We turned west towards Grundarfjordur towards the end of daylight and were getting a bit concerned about finding our cottage. We drove along through town looking for the street name and number and didn’t find it. Grundarfjordur is not that large and once we’d been through all the way one way and all the way back the other, I asked directions. The woman walking her dog spoke excellent English, naturally, and pointed to our cottages were further out the northwest side of town, on a rise called Cathedral mountain.
But it wouldn’t be that easy. We arrived at the cottages – there were two – and parked in front of the one we had reserved on Bungalo, a site that makes hiring self-catering cottages very easy. The door was locked and there was no-one about. We looked about a bit for a key and then drove back into town. It was a bit disconcerting since our phones weren’t connecting to the number we had and we couldn’t find a pay phone. In the end, we found a hotel that had a phone and called our cottage owner.

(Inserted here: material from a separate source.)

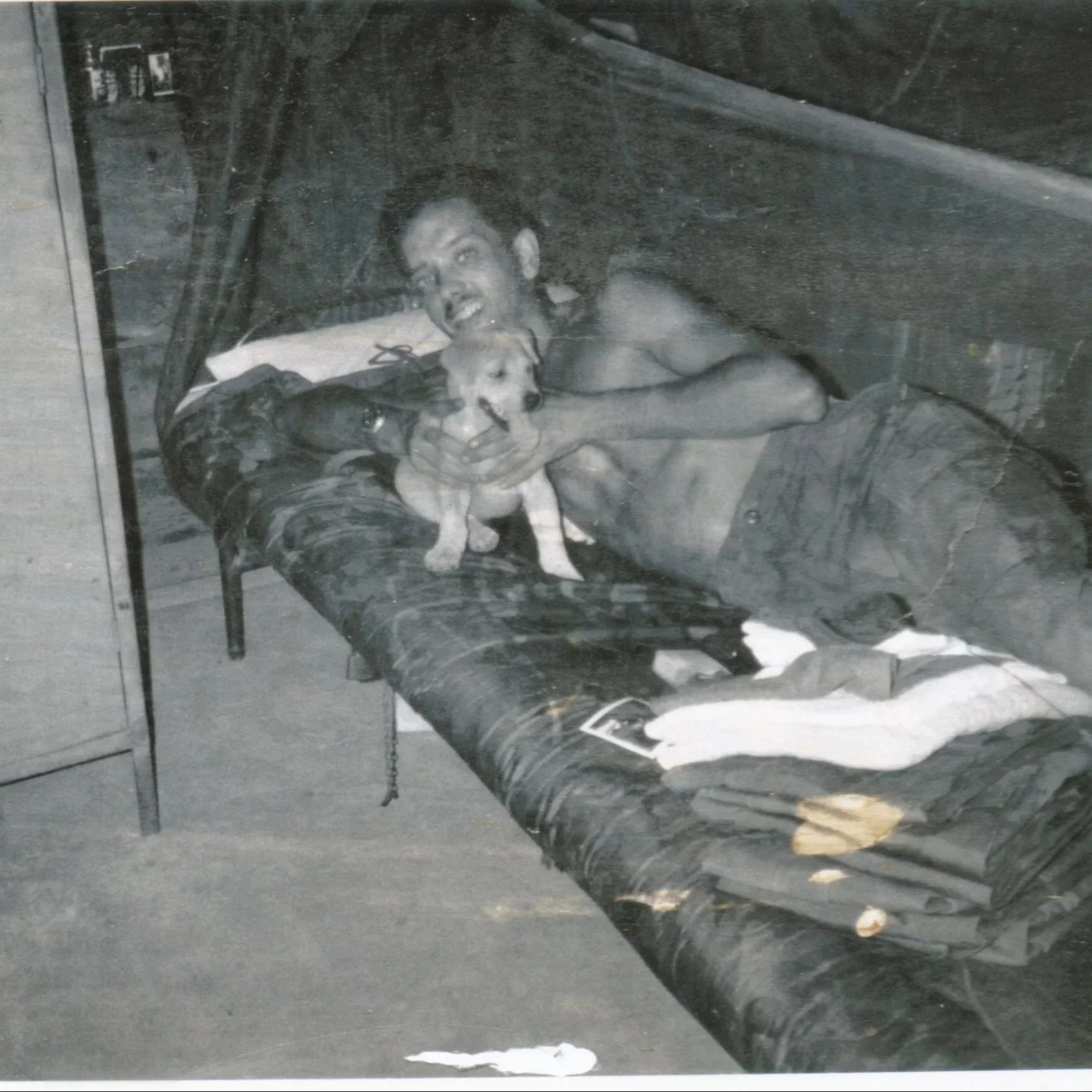Sam made the most of every situation, including befriending a stray dog in Lai Khevn, Vietnam in 1969. Notice the mosquito netting he rolled up around his bunk, which is inside a large tent. (Object ID P2069.6.30)

She had unlocked the other cottage and left the key in the lock for us! So we drove back to the cottages, went to the second one, and sure enough, we were able to walk right in.
We would have a well-earned rest after another weary day of driving and our last day before returning to Reykjavik tomorrow night. The cottage had all the creature comforts, including a hot tub or “hot pot” as it was labeled, although we mostly just relaxed and watched the setting sun over the fjord. It was a lovely, remote spot and you can understand why this part of Iceland is a big draw for birders. Everywhere we looked we saw crowds of birds and could hear them above us on the mountains around the cottages. In some cases, they were so high we needed binoculars to see the hundreds that were in constant motion against the sheer cliffs.